GCD is MIN of Exponents of Prime Factors, LCM is MAX of Exponents of Prime Factors.

Question

Let $a=p_1^{x_1}p_2^{x_2}\cdots\cdot p_q^{x_q}$ and $b=p_1^{y_1}p_2^{y_2}\cdots p_r^{x_r}$ http://www.cut-the-knot.org/blue/gcd_fta.shtml, https://math.stackexchange.com/a/349867/85100 say —
Since gcd(a,b) is the largest common divisor of a and b and is divisible by any other common divisor of the two,

GCD$(a,b)=p_1^{\min(x_1,y_1)}p_2^{\min (x_2,y_2)} \cdots p_q^{\min (x_q,y_q)}$

LCM$(a,b)= p_1^{\max(x_1,y_1)}p_2^{\max(x_2,y_2)}\cdots p_r^{\max (x_r,y_r)}$

I understand GCD(a,b) has to divide both $a,b$. Therefore the exponent of any prime factor $p_i$ in GCD has to be in both $a,b$ — therefore $p_i^{\min(x_i, y_i)}$. But I'm muddled and anxious. Why does $\min$ appear in GREATEST common divisor? Why does $\max$ appear in LOWEST common multiple?

Answer 1

If we are several persons, the GREATEST height that we can all reach is the MINIMUM of our heights (the smallest person amongst us is the problem), the lowest door that we can all pass through is the MAXIMUM of our heights (the tallest person is the problem).

Answer 2

Hint $ $ Assume $\rm\,p\nmid a,b,\,$ and write $\ \rm(x,y) := \gcd(x,y),\ \ [x,y] := {\rm lcm}(x,y)$. By FTA (existence and uniqueness of prime factorizations) we can recursively compute gcd and lcm by "peeling off" one-prime-power at at time as follows

$\rm\ (ap^j,bp^k) = (a,b)(p^j,p^k) = (a,b)\,p^{\large \min(j,k)}\,$ by $\,\rm p^i\mid p^j,p^k\!\!\iff i\le j,k \!\iff\! i\le \min(j,k)$

$\rm\ \, [ap^j,bp^k] =\, [a,b]\,[p^j,p^k]\, =\, [a,b]\,p^{\large \max(j,k)}$ by $\,\rm p^j,p^k\mid p^i\!\! \iff j,k\le i\! \iff\! \max(j,k)\le i$

Answer 3

Although the GCD is the greatest common divisor of $a$ and $b$, it still has to divide both of them! If the exponent of $p_i$ was greater than $\min(x_i,y_i)$ then the GCD wouldn't divide both $a$ and $b$.

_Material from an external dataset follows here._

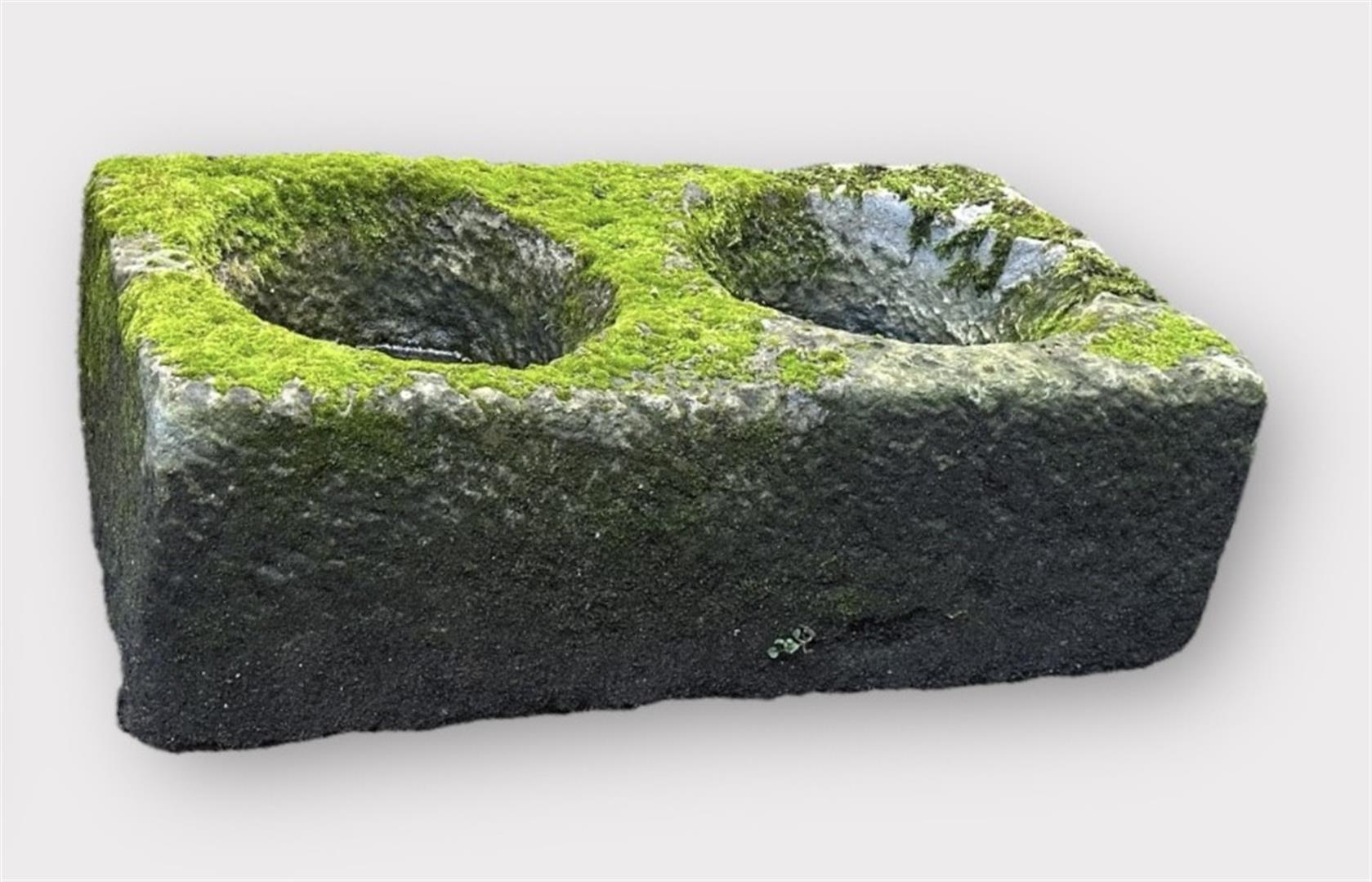 A stone trough with two carved compartments. 81 x 43 x 28 cm.

Take for instance $40 = 2^3 \cdot 5$ and $100 = 2^2 \cdot 5^2$. Then their GCD is $20 = 2^2 \cdot 5 = 2^{\min(3,2)} \cdot 5^{\min(1,2)}$.

Answer 4

Why does min appear in GREATEST common divisor? Why does max appear in LOWEST common multiple?

Because "min" is the greatest lower bound, and "max" is the least upper bound, for linearly ordered sets ... and even for partially ordered sets, if you wish to extend the definition like so. Since the correspondence you're describing preserves ordering, when taken with respect to suitably-defined ordering relations, then one should expect "greatest" to go with "greatest" and "least" with "least".

One ordering relation is the factoring relation. Greatest Common Divisor and Least Common Multiple are its respective greatest lower bound and least upper bound.

The other ordering relation is the one for exponents - taken in tandem; which is applied to lists of exponents $a = \left(a_2,a_3,a_5,⋯\right)$ and $b = \left(b_2,b_3,b_5,⋯\right)$ in such a way that $a < b$ if and only if $a_2 < b_2$, $a_3 < b_3$, $a_5 < b_5$, and so on. Since the ordering relation is member-by-member-wise, and since the ordering relation for each member is linear, then the greatest lower bound $a ∧ b$ and least upper bound $a ∨ b$ are formed by the respective minimum and maximum as: $$ a ∧ b = \left(\min\left(a_2,b_2\right), \min\left(a_3,b_3\right), \min\left(a_5,b_5\right), ⋯\right),\quad a ∨ b = \left(\max\left(a_2,b_2\right), \max\left(a_3,b_3\right), \max\left(a_5,b_5\right), ⋯\right). $$

For numbers, this correspondence can be broadened to include positive rational numbers, and not just positive integers, because the "min" and "max" relations can be broadened to include negative integers and because the fundamental theorem of arithmetic, which guarantees the uniqueness of expansion into products of exponents of primes, can be broadened to include rational numbers. So, they also have greatest common divisors and least common multiples.